Take the line that has "Parts for Whirlpool" and all the lines that come after it in the records, and write them out again exactly. Add no other line.
::::::::::
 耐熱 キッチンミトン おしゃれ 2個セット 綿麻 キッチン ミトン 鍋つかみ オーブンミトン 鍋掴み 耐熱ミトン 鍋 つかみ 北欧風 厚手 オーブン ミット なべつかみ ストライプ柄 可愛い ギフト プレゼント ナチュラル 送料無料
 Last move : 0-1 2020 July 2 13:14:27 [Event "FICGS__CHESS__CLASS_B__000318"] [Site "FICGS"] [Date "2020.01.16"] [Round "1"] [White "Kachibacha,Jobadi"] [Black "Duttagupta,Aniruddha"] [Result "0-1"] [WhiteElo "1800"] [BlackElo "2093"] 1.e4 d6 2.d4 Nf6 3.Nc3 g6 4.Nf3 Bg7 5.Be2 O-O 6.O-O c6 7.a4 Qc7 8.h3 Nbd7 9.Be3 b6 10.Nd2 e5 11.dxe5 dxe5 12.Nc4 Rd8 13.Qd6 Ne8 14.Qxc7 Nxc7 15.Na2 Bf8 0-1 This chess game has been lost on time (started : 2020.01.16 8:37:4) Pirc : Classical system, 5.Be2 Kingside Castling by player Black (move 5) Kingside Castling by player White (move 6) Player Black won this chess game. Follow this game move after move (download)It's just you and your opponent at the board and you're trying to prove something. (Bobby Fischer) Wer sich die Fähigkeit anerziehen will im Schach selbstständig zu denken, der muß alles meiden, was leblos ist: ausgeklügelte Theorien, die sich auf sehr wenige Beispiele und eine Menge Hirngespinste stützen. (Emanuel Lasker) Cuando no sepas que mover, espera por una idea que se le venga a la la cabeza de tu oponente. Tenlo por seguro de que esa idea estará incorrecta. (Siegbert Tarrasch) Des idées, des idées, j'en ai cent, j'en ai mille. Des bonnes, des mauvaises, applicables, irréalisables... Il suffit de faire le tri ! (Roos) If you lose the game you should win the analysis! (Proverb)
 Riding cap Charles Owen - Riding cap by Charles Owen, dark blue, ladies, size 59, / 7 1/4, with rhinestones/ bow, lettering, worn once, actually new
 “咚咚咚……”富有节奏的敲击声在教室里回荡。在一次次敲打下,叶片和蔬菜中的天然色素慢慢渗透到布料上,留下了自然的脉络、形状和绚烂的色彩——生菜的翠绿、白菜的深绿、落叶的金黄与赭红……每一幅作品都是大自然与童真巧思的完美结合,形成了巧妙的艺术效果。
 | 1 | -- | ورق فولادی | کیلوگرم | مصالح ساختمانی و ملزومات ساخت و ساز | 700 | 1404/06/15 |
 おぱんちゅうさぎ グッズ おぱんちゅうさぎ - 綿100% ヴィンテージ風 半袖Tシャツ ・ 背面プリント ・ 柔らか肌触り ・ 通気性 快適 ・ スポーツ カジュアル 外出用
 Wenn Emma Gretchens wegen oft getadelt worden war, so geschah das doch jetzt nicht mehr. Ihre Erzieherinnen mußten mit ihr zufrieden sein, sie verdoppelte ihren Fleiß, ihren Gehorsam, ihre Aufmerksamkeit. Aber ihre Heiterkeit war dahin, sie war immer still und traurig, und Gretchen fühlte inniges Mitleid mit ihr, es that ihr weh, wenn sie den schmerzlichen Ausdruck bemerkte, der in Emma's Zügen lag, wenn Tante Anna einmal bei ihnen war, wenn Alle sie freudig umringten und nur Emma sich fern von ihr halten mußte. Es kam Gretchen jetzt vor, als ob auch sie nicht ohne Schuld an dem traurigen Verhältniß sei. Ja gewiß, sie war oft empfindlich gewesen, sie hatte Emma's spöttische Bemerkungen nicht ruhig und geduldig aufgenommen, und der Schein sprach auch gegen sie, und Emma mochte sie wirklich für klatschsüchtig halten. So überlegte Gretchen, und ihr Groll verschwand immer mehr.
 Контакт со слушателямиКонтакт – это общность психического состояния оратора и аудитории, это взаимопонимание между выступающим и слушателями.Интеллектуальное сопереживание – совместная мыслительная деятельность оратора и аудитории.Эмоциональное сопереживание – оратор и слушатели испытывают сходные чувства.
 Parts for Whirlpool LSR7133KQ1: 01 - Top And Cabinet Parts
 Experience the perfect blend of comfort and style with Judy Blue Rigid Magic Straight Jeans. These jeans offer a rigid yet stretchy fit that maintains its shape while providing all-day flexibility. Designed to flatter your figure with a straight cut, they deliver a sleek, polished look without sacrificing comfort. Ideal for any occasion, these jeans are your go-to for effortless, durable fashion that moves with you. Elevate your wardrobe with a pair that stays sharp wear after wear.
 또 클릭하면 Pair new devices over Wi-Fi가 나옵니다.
::::::::::
▸ **Answer for this exercise**:
 Parts for Whirlpool LSR7133KQ1: 01 - Top And Cabinet Parts
 Experience the perfect blend of comfort and style with Judy Blue Rigid Magic Straight Jeans. These jeans offer a rigid yet stretchy fit that maintains its shape while providing all-day flexibility. Designed to flatter your figure with a straight cut, they deliver a sleek, polished look without sacrificing comfort. Ideal for any occasion, these jeans are your go-to for effortless, durable fashion that moves with you. Elevate your wardrobe with a pair that stays sharp wear after wear.
 또 클릭하면 Pair new devices over Wi-Fi가 나옵니다.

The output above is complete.